I fell in love with Thomas More as a girl, when my mother took me to see A Man for All Seasons. Whether I fell in love with More or actor Paul Scofield, I’m not entirely sure. Perhaps I fell in love with playwright and screenwriter Robert Bolt, more than either of them.
Much ink has been spilled over the defamation of More in the BBC television series Wolf Hall, based on Dame Hilary Mantel‘s Man Booker award-winning novel by that name (and now available as a boxed set). Clearly, she had a bone to pick with the English icon, as a national hero as well as saint. But she is punching the wrong man. For her quarrel is not with More, but with Bolt, a fellow atheist, who recreated More to be, as he put it in his introduction to the play, “a hero of selfhood.”
From Bolt’s introduction:
“Thomas More, as I wrote about him, became for me a man with an adamantine sense of his own self. He knew where he began and left off, what area of himself he could yield to the encroachments of his enemies, and what to the encroachments of those he loved. It was a substantial area in both cases for he had a proper sense of fear and was a busy lover. Since he was a clever man and a great lawyer he was able to retire from those areas in wonderfully good order, but at length he was asked to retreat from that final area where he located his self. And there this supple, humorous, unassuming and sophisticated person set like metal, was overtaken by an absolutely primitive rigor, and could no more be budged than a cliff.”

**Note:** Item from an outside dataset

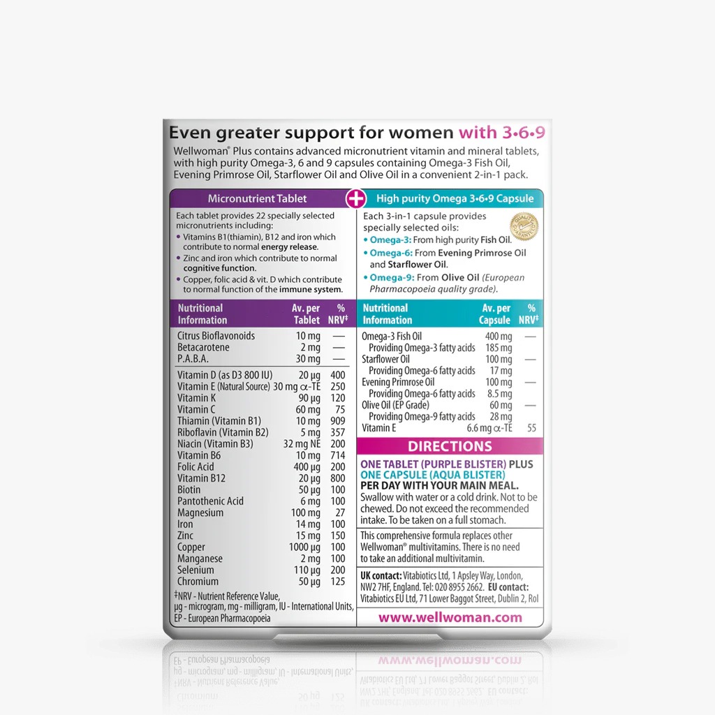 Wellwoman Plus forms part of the Wellwoman range, the UK's No 1 supplement brand for women. Wellwoman Plus Omega 3·6·9 contains an advanced comprehensive vitamin and mineral nutritional supplement, with the added benefits of Omega 3, 6 and 9 in a handy dual pack.

The reason … well, one reason … I have delayed so long in posting my reaction to Wolf Hall is I wanted to watch the 1966 film again, and see how it holds up today, at the other end of a life. When it was made, the lauded film received best film, best actor, and best director Academy awards. Scofield said it was his toughest role ever.
So I watched the film again with two young people. (Well … young-ish … compared to me, anyway.) The low-budget film often adheres to polished stage conventions rather than modern film conventions (Scofield won a Tony as well as an Oscar for the role), and the actors wore far too much make-up. That’s not what bugged my companions, however – not the main thing, anyway. They couldn’t imagine any principle worth dying for, when a simple lie could get you off the hook. That divide proved more unbreachable even than pancake makeup. I’ve since learned that this mindset is usual among Millennials.
Bolt, too, dealt with that issue directly: “why do I take as my hero a man who brings about his own death because he can’t put his hand on an old black book and tell an ordinary lie?” he asked. The answer is bound up with his earlier discussion of selfhood:
“For this reason: A man takes an oath only when he wants to commit himself quite exceptionally to the statement, when he wants to make an identity between the truth of it and his own virtue; he offers himself as guarantee. And it works. There is a special kind of shrug for a perjurer; we feel that the man has no self to commit, no guarantee to offer. Of course it’s much less effective now that for most of us the actual words of the oath are not much more than the impressive mumbo-jumbo than it was when they made obvious sense; we would prefer most men to guarantee their statements with, say, cash rather than with themselves. We feel – we know – the self to be an equivocal commodity. There are fewer and fewer things which, as they say, we ‘cannot bring ourselves’ to do.”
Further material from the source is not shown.